Let's take the following site as an example: http://archive.timmmmyboy.com. All of the posts have the following structure:
http://archive.timmmmyboy.com/2013/11/writing-collaborative-documentation-with-dokuwiki-and-github/
So the base domain, followed by the year, followed by the month, followed by the name of the post. Now let's say our Ghost blog has this format for posts:
http://blog.timowens.io/writing-collaborative-documentation-with-dokuwiki-and-github/
Adding the Redirect
No year or month, but otherwise we have something to work with.
Basically what we want to do is have Apache grab the post name from the end of the URL and append it to the domain of the new blog. There are also other links like for the RSS feed that would be /feed. Here’s what the full .htaccess file looks like now with the redirects in place:
RewriteEngine On
RewriteRule ^([0-9]+)/([0-9]+)(.)$ http://blog.timowens.io$3 [R=301,L]
RewriteRule ^feed$ http://blog.timowens.io/rss [R=301,L]
RewriteRule ^feed/$ http://blog.timowens.io/rss [R=301,L]
RewriteRule ^(.)$ http://blog.timowens.io/ [R=301,L]
That’s it! Let’s go line by line and see what it’s doing.
RewriteEngine On
Adding the Rewrite Rule
We need to tell Apache we’re going to be rewriting some URLs so this has to come before any RewriteRule directives.
RewriteRule ^([0-9]+)/([0-9]+)(.*)$ http://blog.timowens.io$3 [R=301,L]
- RewriteRule is the directive to create the rewrite.
- The ^ is a wildcard saying “ignore whatever came before the pattern I’m about to show”.
- ([0-9]+)/([0-9]+) are regular expressions that mean "a series of numbers between 0 and 9 will show up between these slashes).
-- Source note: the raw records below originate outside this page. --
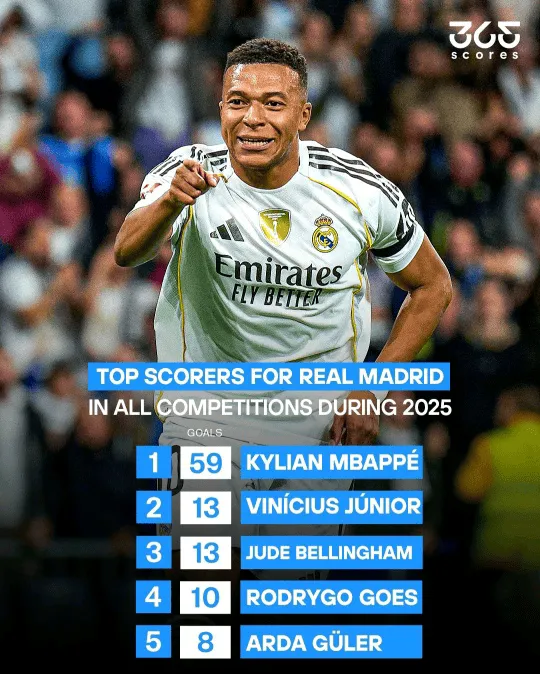 2025年皇馬年度射手榜前五名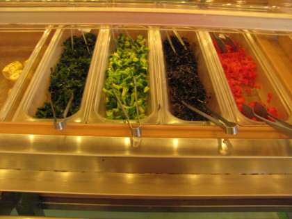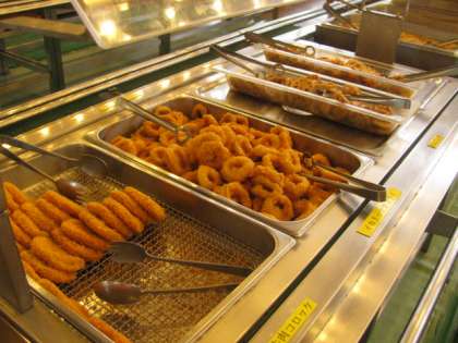 それぞれ好きなものを貰った後テーブルにつき,後の副食はバイキングです。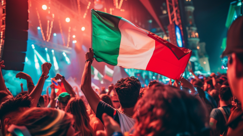 A vibrant festival crowd with people dancing and enjoying the music. In the middle of the crowd, someone is sitting elevated, holding the Italian flag high above their head. The flag is clearly visible, its green, white, and red colors standing out against the crowd. The scene is lively, filled with colorful lights and a warm atmosphere, capturing the energy and excitement of a music festival. The background shows a stage with neon lights, adding to the immersive experience. --ar 16:9 --v 6.0 --style raw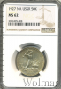 4186 Полтинник 1927 ПЛ Ag MS 62 zzz321 38 9 110 Закрыто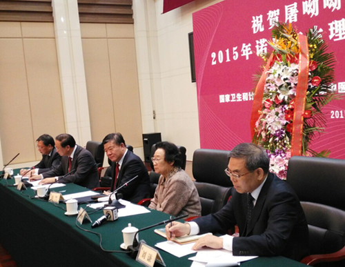 當(dāng)日,國家衛(wèi)生和計(jì)劃生育委員會(huì)、國家中醫(yī)藥管理局、國家食品藥品監(jiān)督管理總局共同舉辦座談會(huì),祝賀屠呦呦研究員榮獲2015年諾貝爾生理學(xué)或醫(yī)學(xué)獎(jiǎng)。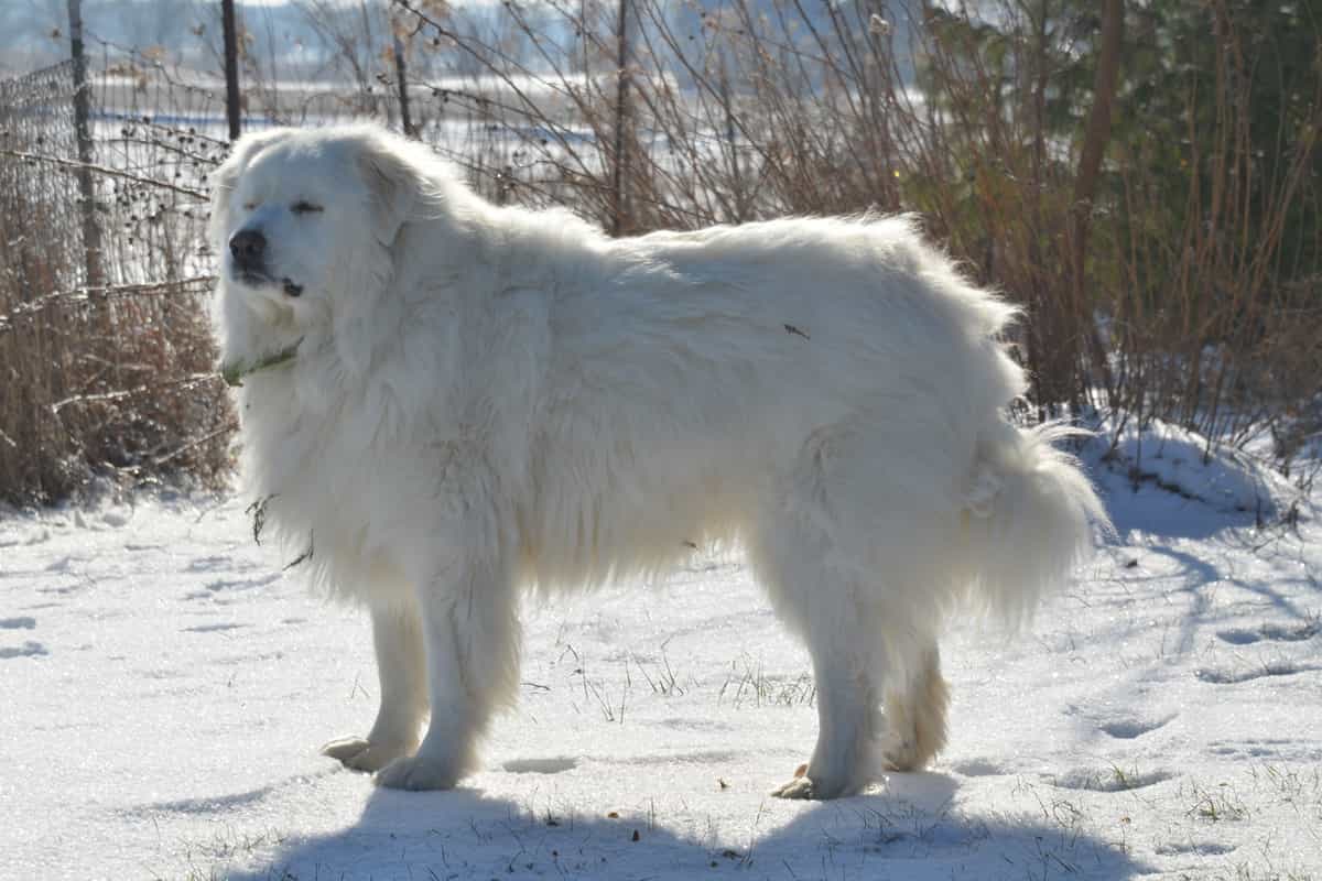Wikipedia nos explica que su color principal es blanco y puede tener varias sombras de gris (sin ninguna alusión cinematográfica, por favor) o algunos tonos marrones en la cara, orejas y cola. A medida que crece, su pelaje se hace más grueso. Es un perro de doble pelaje y otra de sus características es que posee doble espolón. Los adultos llegan a pesar entre 50 a 60 kilos y a medir 70 a 80 cm de altura.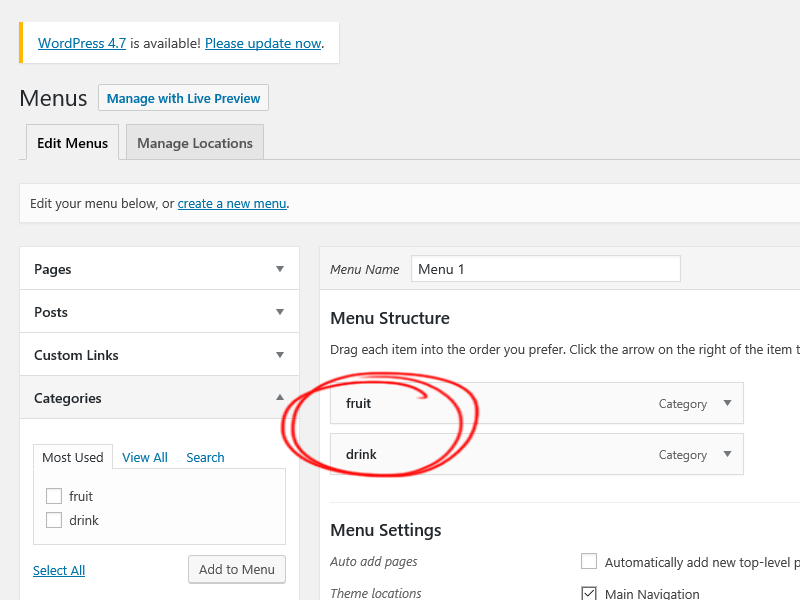 7)카테고리를 선택하고 add to menu를 클릭하면 우측 메뉴 구조에 해당 카테고리를 추가합니다.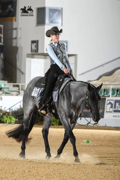 Special Angebot für Decksasion 2026 nur begrenzte Anzahl für den Preis! Deckanzeige: MC LittleBlueDressed Gino ist ein lieber Kompakter gemütlicher Allround Quarter Horse der mit seiner tollen Farbe Blue Roan auffällt. Er ist 2014 geboren. Im Umgang ist Gino ein total lieber. Vater: Dressed by Red , Mutter: Zippos Littlefoot Wurde Erfolgreich in Halter, Trail in Hand, Longline, Jungpferde Basis/Trail, Pleasure vorgestellt. Unter anderem ist er mehrfacher Landesmeister, VizeEuropameister, Mehrfacher VizeFuturity Champion, Longline Champion, mehrfacher Futurity Halter Champion, High Point Champion, Reserve High Point Champion, Top Ten in der Weltrangliste, mehrfacher Finalist German Open, viele Siege, Platzierungen uvm. Super cool im Gelände. Seine Nachkommen sind sehr Erfolgreich im Turniersport mehrere 1A Premium Fohlen und super tolle Freizeitpartner, easy im Umgang. Bei Interesse: Frauke Hoffmann, Standort: 38518 Gifhorn, mc-ranch@web.de bei Facebook unter Frauke Hoffmann ist ein Foto/Video Album vom Gino. Decktaxe alle Rassen TG Preis: 333€ begrenzte Anzahl! Versand macht Deckstation Georgi. https://www.facebook.com/share/17X413kw23/?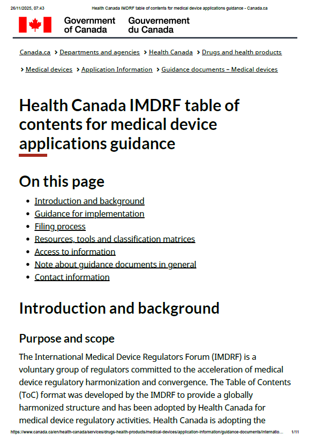 Health Canada has officially adopted the International Medical Device Regulators Forum (IMDRF) Table of Contents (ToC) format for medical device submissions. This move supports global regulatory convergence and aims to reduce both time and cost for manufacturers and regulators.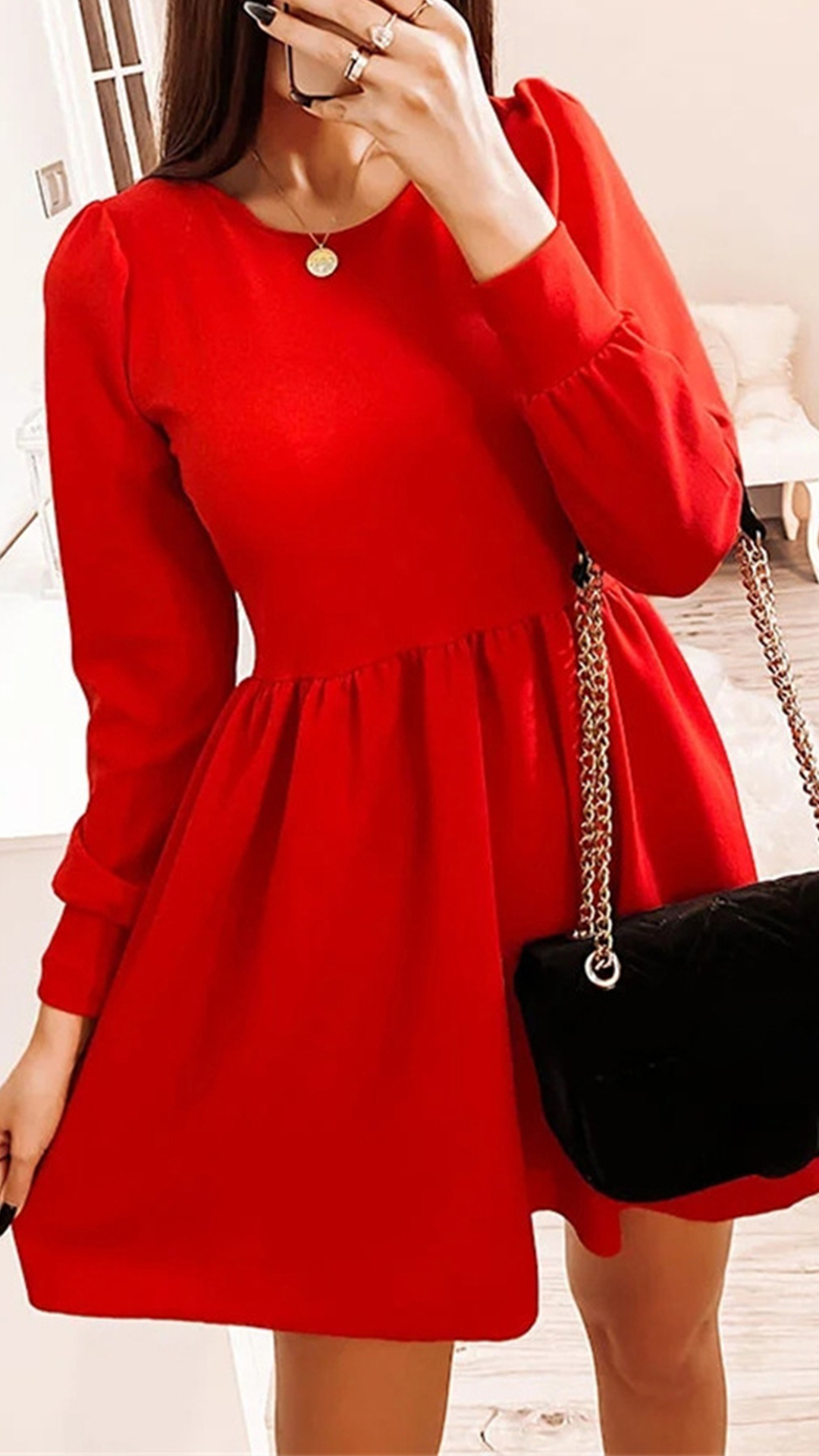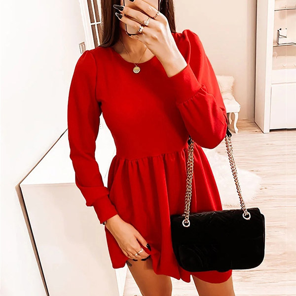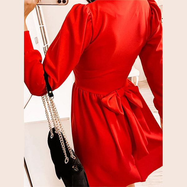 This dress comes with a bright red tone,which can make you be an eye-catching sight. And the strap design at the waist part allows you make a bow-knot at the backside to add some sweet vibes. Finished with long sleeve and round neck design,this dress definitely knows how to give you a cozy yet stylish daily style.

- (.*)$ is our final wildcard “anything coming after that pattern” and the $ tells the server to store each of the wildcard directives of that line to a variable.
The second part of that rule allows us to grab that variable (in this case the third variable, the one that holds our post name) and append it to the end of our new URL. [R=301,L] tells the server this is a 301 Permanent Redirect which the server will then let Google and other entities know when they visit. It’s highly highly recommended that you use 302 Temporary Redirects until you’re confident you’ve got it right. Temporary redirects will not store a cookie in your browser causing the redirect to be cached, nor will search engines be notified while you’re testing.
RewriteRule ^feed$ http://blog.timowens.io/rss [R=301,L]
RewriteRule ^feed/$ http://blog.timowens.io/rss [R=301,L]
The link to my RSS feed is different so this redirect says “If someone visits some anything with the word feed on the end, redirect here”. There are two lines because I also assume sometimes people put the slash o the end and sometimes they don’t. That could probably be consolidated if I knew regex a bit more.
RewriteRule ^(.*)$ http://blog.timowens.io/ [R=301,L]
Finally a catchall. “Whatever URL they visited, if there isn’t a post or directive to end them to a specific location, redirect to the homepage.”
Once you’ve tested it and know it’s working switch from 302 Temporary Redirects to 301 Permanent Redirects and you’re all set!
Quick note about .htaccess files: Because of the dot on the beginning of the filename some programs may not show the file by default since that’s universal for “hidden files”. In the File Manager in cPanel you can check to show hidden files before entering.